Women in media, at a forum held recently in Accra, called on media owners and management to take interest in issues of sexual harassment in the newsroom to encourage others to report perpetrators.
Media owners and managers have been urged at a forum held in Accra, to take interest in issues of sexual harassment in the newsroom to encourage others to report perpetrators.
The forum, dubbed “Balance in newsrooms: balance in news coverage; the role of media organisations in addressing gender disparities,” was organised by Alliance for Women in Media Africa (AWMA), a non-governmental organisation that projects women in media.

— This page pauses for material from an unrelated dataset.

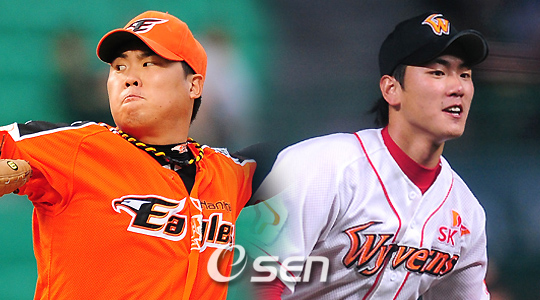 "두산전 다 이기면 한 번 생각해볼께". SK 김성근(66) 감독이 두 괴물 류현진(21, 한화)과 김광현(20, SK)간의 첫 맞대결에 대한 질문에 웃으며 한 말이다. 그러나 이제는 실현 가능성을 완전히 배제할 수 없다는 점에서 관심이 모아진다. 김 감독은 지난 16일 잠실 두산전에 앞서 '류현진(21, 한화)과 김광현(20, SK)의 빅매치를 보고 싶다'는 주위의 요청에 대해 "두산과의 2연전을 다 이기면 한 번 생각해보겠다"고 밝혔다. 당시 상황에서는 SK가 두산과의 맞대결에서 두 번 모두 이긴다는 보장도 없었을 뿐더러 류현진과 김광현의 로테이션이 서로 어긋나 있는 상태였기에 맞대결 성사 가능성은 희박해 보였다. 따라서 그저 지나가는 농담에 불과했다. 그러나 SK가 16일과 17일 두산전을 모두 승리로 장식함에 따라 괴물간의 맞대결 가능성이 수면 위로 급부상했다. 일단 맞대결 분위기는 반 이상 조성돼 있다. 김인식 한화 감독은 류현진을 오는 23일 양팀간 정규시즌 마지막 맞대결인 문학 SK전과 30일 대전 두산전에 등판시킬 것이라고 밝힌 상태다. 한화가 잔여경기를 가장 적게 남겨두고 있어 일정에 여유를 갖게 된 까닭이다. 이제 남은 것은 김성근 감독의 결단만 남았다. 긍정적인 요소는 역시 여유가 생겼다는 점이다. 지난해 세운 구단 최다승인 73승을 넘어선 74승째를 올린 상태고 매직넘버도 3으로 줄어있다. 오는 23일에는 이미 한국시리즈 직행을 확정지은 상태일 가능성이 높다. 김성근 감독도 16일 경기 전 "두산과의 2연전을 다 이기면 한국시리즈 직행에 어느 정도 마음이 놓일 것 같다"고 털어놓았다. 또 김성근 감독이 평소 야구팬들에 대한 애정을 숨기지 않고 있다는 것이다. 올 시즌 야구장을 찾아준 수많은 야구팬들에게 마지막 볼거리를 제공한다는 측면에서 전격적인 김광현의 투입을 결정할 수도 있다. 19일 문학 히어로즈전에 등판할 것으로 보이는 김광현의 로테이션을 보면 24일 문학 LG전에 등판하는 것이 맞다. 하지만 김성근 감독이 김광현의 등판을 하루 앞당길 수도 있다. 하지만 결국 실현되지 않을 가능성도 절반이다. 김광현은 올 시즌 단 한 번도 4일 등판에 나선 적이 없다. 최소 5일 등판이었다. 게다가 김광현은 지난 6월 22일 문학 삼성전에서 시즌 10승을 거둔 후 허리 통증을 호소, 엔트리에서 제외된 경험을 갖고 있다. 김성근 감독 입장에서는 한국시리즈를 대비해야 한다는 측면을 고려할 때 굳이 에이스 김광현을 무리시키면서까지 모험을 걸 필요가 없다. 자칫 잘못했다가는 대사를 거르칠 수도 있기 때문이다. 게다가 다승1위(14승), 방어율 3위(2.66), 탈삼진 2위(127개)를 달리고 있는 김광현의 타이틀도 신경써야 한다. 굳이 류현진과 맞붙어 출혈을 감수해야 할 필요는 없다. 야구관계자들은 오히려 가능성이 희박하다고 예상하고 있다. '원조괴물'과 '신괴물'로 각각 평가받는 류현진과 김광현은 지난 6월 22일 등판 간격이 맞아 떨어지면서 다음 경기인 27일 문학경기에서 맞대결 가능성이 있었다. 그러나 김광현이 허리 부상으로 전력에서 이탈, 아쉽게 맞대결은 이뤄지지 않았다. 사상 첫 올림픽 금메달을 한국 국민에게 선사한 일등공신인 류현진과 김광현의 괴물 맞대결이 500만 관중 시대를 앞두고 있는 2008 프로야구의 대미를 장식할 것인가. 김성근 감독의 결정에 달려있다. letmeout@osen.co.kr 류현진-김광현. . . . . .

According to the women, it was becoming difficult to report issues of sexual harassment as it was described as the “newsroom culture” and the victim had no one to report to.
Policies to work and raise family.
The speakers, who were news anchors, presenters, journalists and editors, also called on media managers to create policies that would allow women balance their job while raising families.
According to the women, there were no “support systems” in the newsroom to allow women take on challenging roles, meet deadlines and also raise families. As such those who were unable to do all these ended up leaving the job to concentrate on raising families.
Report sexual harassment
A broadcast journalist at Citi FM, Nana Ama Agyeman Asante, encouraged women to report acts of sexual harassment in the newsroom no matter the challenges.
She also urged managers to see sexual harassment as a serious offence and as such, implement the needed punishment.
To achieve balance in the newsroom, she explained that there was the need to treat both sexes equally and encourage mentorship, especially for the young ones.
Don’t wait for HR policies on sexual harassment
An international journalist and trainer in the United States of America, Ms Sarah Wachter, urged women not to wait for human resource policies before voicing issues on harassment as they could write about it.
Using the popular social media hashtag “me too” movement as an example, she said a lot of women in the US were able to bring perpetrators to book simply by using the hashtag on the Internet.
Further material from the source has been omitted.